Origins

I first started learning to code more or less on a whim. I’d always been curious, but was held back by my unfounded conception that learning to code must begin with a mind-numbing slog of syntax memorization. I had no concept that a trained programmer could essentially understand code based on its structure, even with little or no prior exposure to the specific named functions and variables constituting the code.

Eventually my jealousy of all the tech wizardry surrounding me – at the time I was living in the Seattle area – got the better of me. A friend of mine expressed interest and we decided to take the plunge together, to both work through the same beginner’s coding tutorial online. But which language?

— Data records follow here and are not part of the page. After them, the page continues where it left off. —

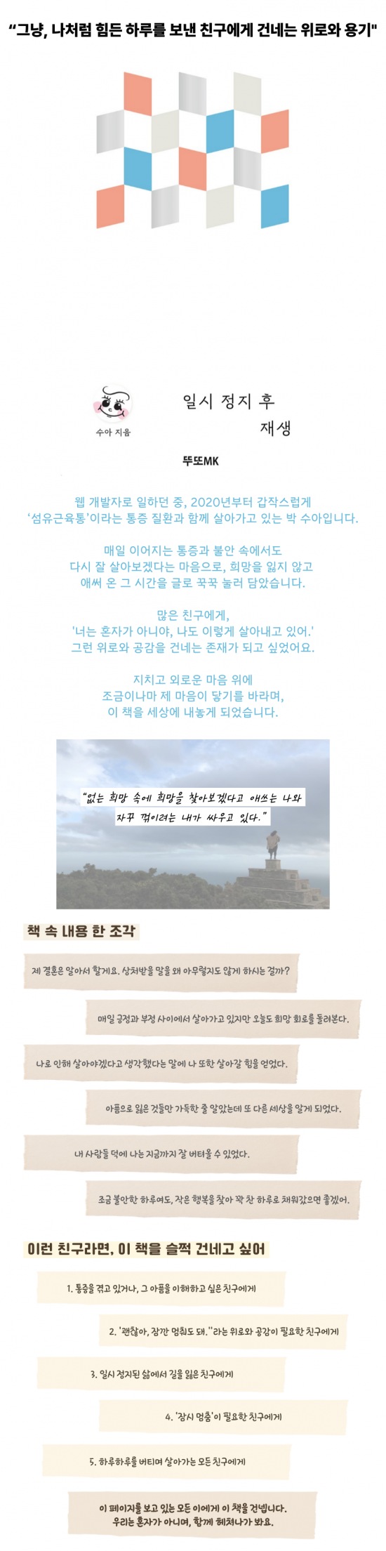 끝없는 통증과 불안 속에서 “나 같은 사람도 누군가에게 위로가 될 수 있을까?”라는 물음이 글쓰기로 이어졌고,
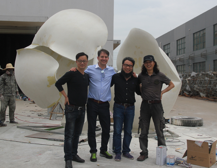 南京先登雕塑不锈钢雕塑作品《天使之吻》创作完成,欧洲特使尼古拉斯到访中国表示祝贺,尼古拉斯对该作品所传达爱的巧妙构思和极具现代古典主义感染力的创造表示高度赞赏。该作品由著名雕塑家郭爱军和郑德东教授首度联合创作,两位艺术家对雕塑《天使之吻》作品在通过用抽象了的玫瑰花瓣构筑的作品酝酿多年,几易其稿。作品通过生命张力的美好形象,让观众对爱的憧憬,寄予浪漫的期许和想象。为江苏洋河农业嘉年华——爱情主题馆点燃了爱的浪漫火焰。
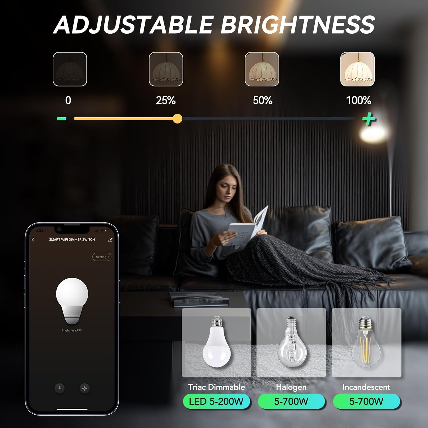 【Dimmable Bulb Compatibility】: Standard Types:Traic dimmable bulbs (5W-200W), halogen bulbs (5W-700W), incandescent bulbs (5W-700W). Important Note:Low-wattage LED bulbs (<5W) may cause flickering due to unstable current. For optimal performance, ensure bulb type and wattage match the specifications above.

There were so many to choose from.

My friend weighed the decision carefully. He investigated various options for their ease of use, versatility, novelty, etc. I suffered less indecision. I knew I wanted a language which would draw me in closer to the heart of the computer than the others. I cared not if it was 20 times harder to use, I wanted more control at a lower level. After a perfunctory period of pretending to weigh different options, I made my decision: I would learn C++.

The List

In my first heady months of learning to code, I was entranced with the idea of the linked list. What a perfect distillation of the computer’s raw power, that a list can exist in which the memory location of each element could be totally random and disjoint, and yet the list still affords the ability to iterate over the elements with ease. On top of that, a linked list can be sliced and diced and grown and shrunk in any which way and with no greater perturbation in memory than that to the individual elements themselves. How elegant. How flawless. What structure could possibly surpass the linked list.

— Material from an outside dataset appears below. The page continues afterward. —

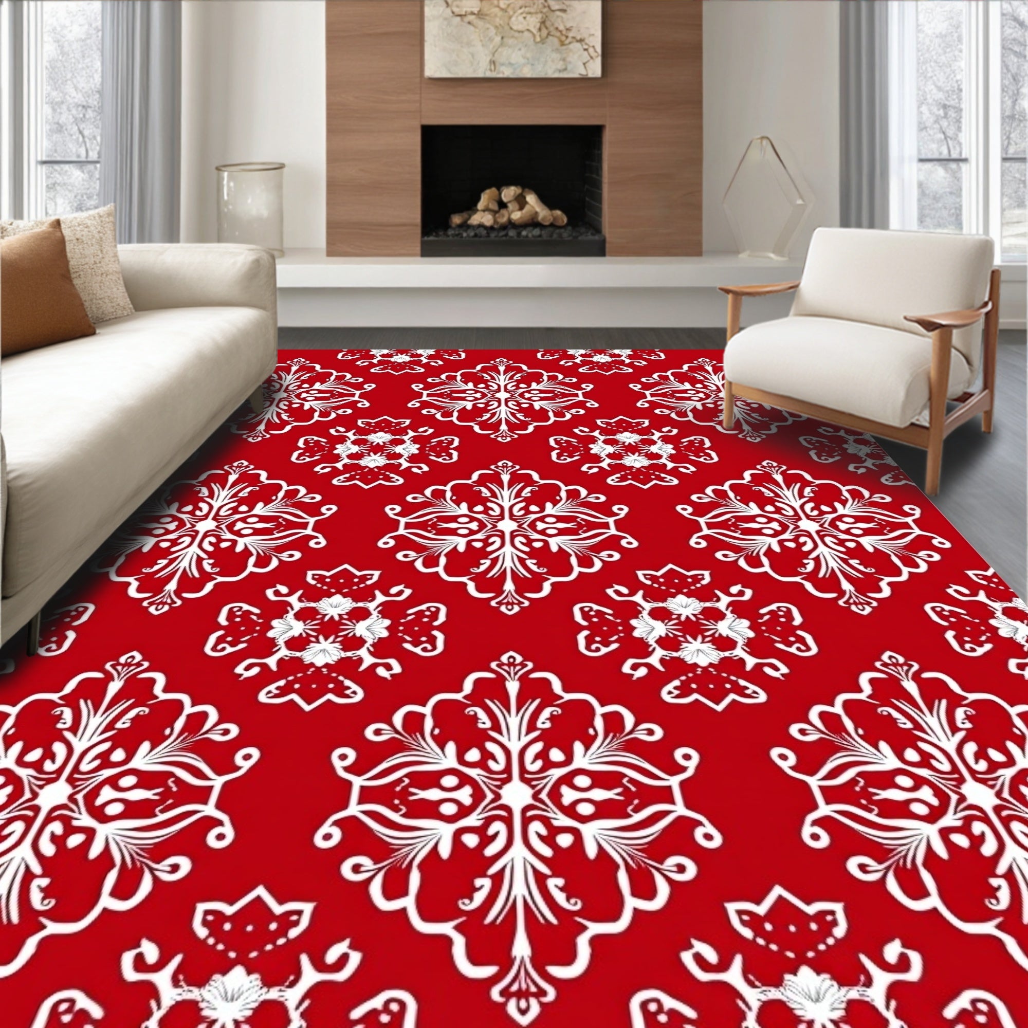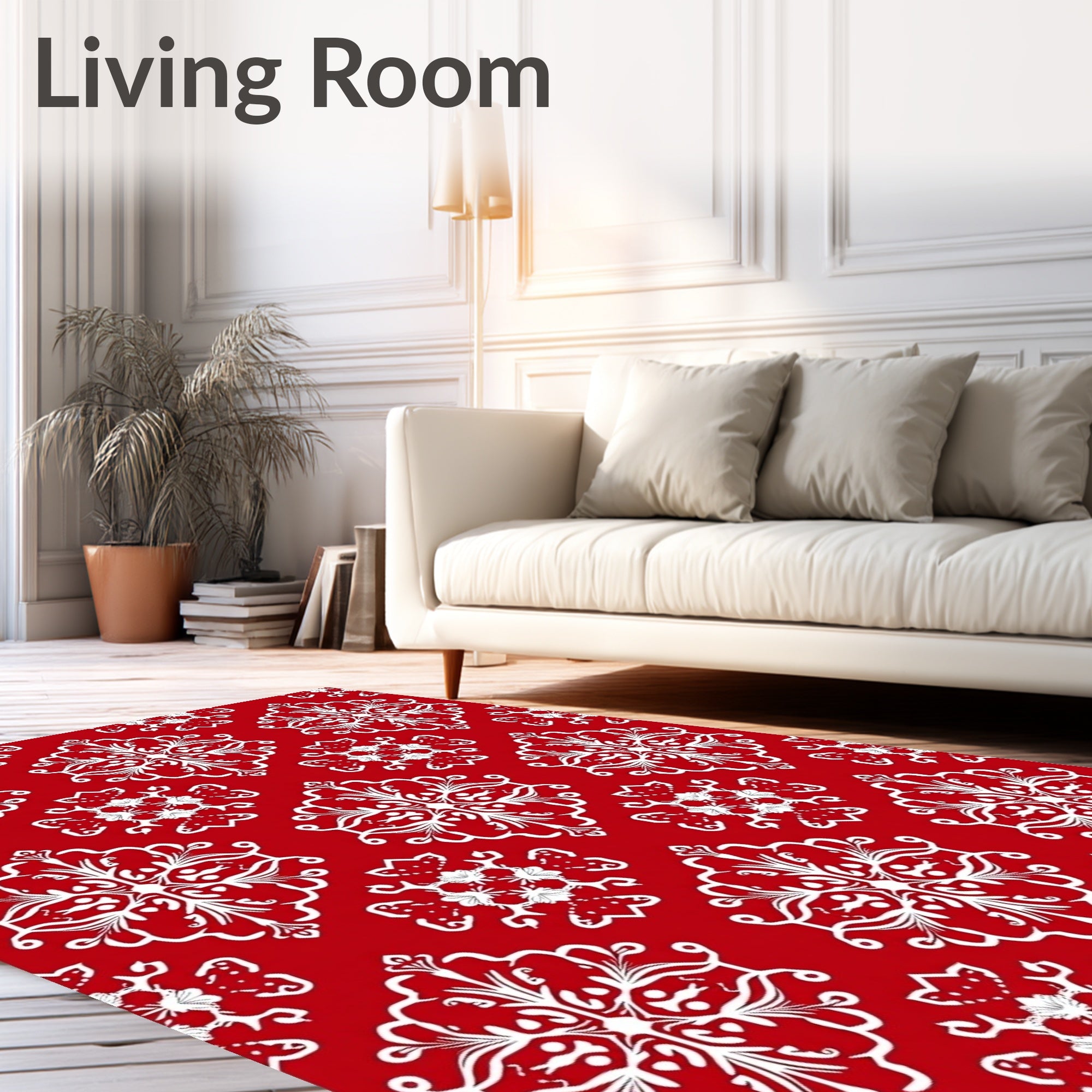 Ultra Soft Area Rug, Non Slip, Stain Resistant, Washable Area Rugs for Living Room, Bedroom, Snowflake Medley Festive Nordic Inspired Holiday Motif(Red) Overview:

So imagine my chagrin when I gradually became aware that the foundational data structure used in many dynamically resizable objects was the linked list’s arch nemesis, the contiguous array. What a vile, bloated structure; carelessly wasting space; wantonly occupying the processor by copying every element into new memory at unpredictable junctures. If ever there was a structure that lacked elegance, this was it. And for what reason might it be preferred? Multiplication-based indexing? I scoffed at the notion. How frequently can applications avoid iterating over every element anyway, I asked.

The Array

And yet for all my loathing of the resizable contiguous array, something began nagging at me early on in my coding journey. Ever so slowly, a nascent idea formed that maybe, just maybe, the contiguous array actually was a superior foundational data structure. Initially, the part of me that entertained this thought was the same part of me that liked to write triply, quadrupley, quintupley nested loops. Who cares if its impossible to read and maintain, it probably executes a tiny bit more efficiently than nested function calls, right? But my real paradigm shift, came only after I slowly developed a learned preference for simplicity in design above all else. This came through more hours spent debugging hopelessly convoluted code than I care to admit.

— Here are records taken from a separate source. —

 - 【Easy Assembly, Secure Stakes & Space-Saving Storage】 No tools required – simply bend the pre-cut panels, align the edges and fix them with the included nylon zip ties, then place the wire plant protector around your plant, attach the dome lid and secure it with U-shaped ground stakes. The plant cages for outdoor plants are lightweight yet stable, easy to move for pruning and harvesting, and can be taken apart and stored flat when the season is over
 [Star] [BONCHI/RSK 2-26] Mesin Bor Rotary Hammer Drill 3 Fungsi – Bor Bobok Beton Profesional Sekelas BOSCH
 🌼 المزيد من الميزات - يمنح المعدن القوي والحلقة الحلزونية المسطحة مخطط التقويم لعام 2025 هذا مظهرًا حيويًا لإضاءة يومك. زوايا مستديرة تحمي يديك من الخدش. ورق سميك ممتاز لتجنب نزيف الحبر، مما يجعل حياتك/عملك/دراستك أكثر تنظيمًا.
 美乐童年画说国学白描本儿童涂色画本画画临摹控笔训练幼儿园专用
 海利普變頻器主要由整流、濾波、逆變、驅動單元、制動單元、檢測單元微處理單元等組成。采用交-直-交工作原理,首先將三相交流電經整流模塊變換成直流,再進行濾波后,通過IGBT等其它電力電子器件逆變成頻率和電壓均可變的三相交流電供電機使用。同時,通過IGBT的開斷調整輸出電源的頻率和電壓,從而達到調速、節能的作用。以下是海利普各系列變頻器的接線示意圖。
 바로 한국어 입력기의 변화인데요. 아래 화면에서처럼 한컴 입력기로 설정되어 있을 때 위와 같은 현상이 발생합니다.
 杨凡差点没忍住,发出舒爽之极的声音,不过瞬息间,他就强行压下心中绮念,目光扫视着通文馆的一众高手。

It was only after experiencing this paradigm shift, that I began to understand the true elegance of the contiguous array. It has some rough edges, as identified previously, but what convention for accessing any single element could be simpler than performing a single multiplication. The simplicity of this one inherent characteristic of the contiguous array opens up whole new worlds of possibility. Take logarithmic search and self-contained binary tree structure, for instance. Once I gained a rudimentary understanding of the greater efficiency of accessing locally contiguous memory contiguity, due to caching, I was sold on the superiority of the contiguous array.

Takeaways

As time has passed, I’ve come around more and more to the conclusion that it’s all good. Sometimes I want a linked list, and sometimes I want a contiguous array. As long as I’m waxing poetic, here are a few more tidbits of wisdom:

  • Premature optimization is a terrible idea.
  • If you want to worry about efficiency, worry about time complexity, not so much other stuff.
  • Coding a complex solution is satisfying for a little while, until you have to debug it. Finding a simple solution in place of one that is complex is when coding is really fun.

Now that you’ve traveled with me through this brief text-based journey. Perhaps you are wondering, what was this post actually about? Not much, really. Just some of my reminiscence about my early history as a coder, using a couple basic data structures as milestones along the way. I enjoyed writing it, for what that is worth. If you were in the unenviable position of being compelled to read it, I hope it was tolerable. At any rate, thanks for reading. Cheers!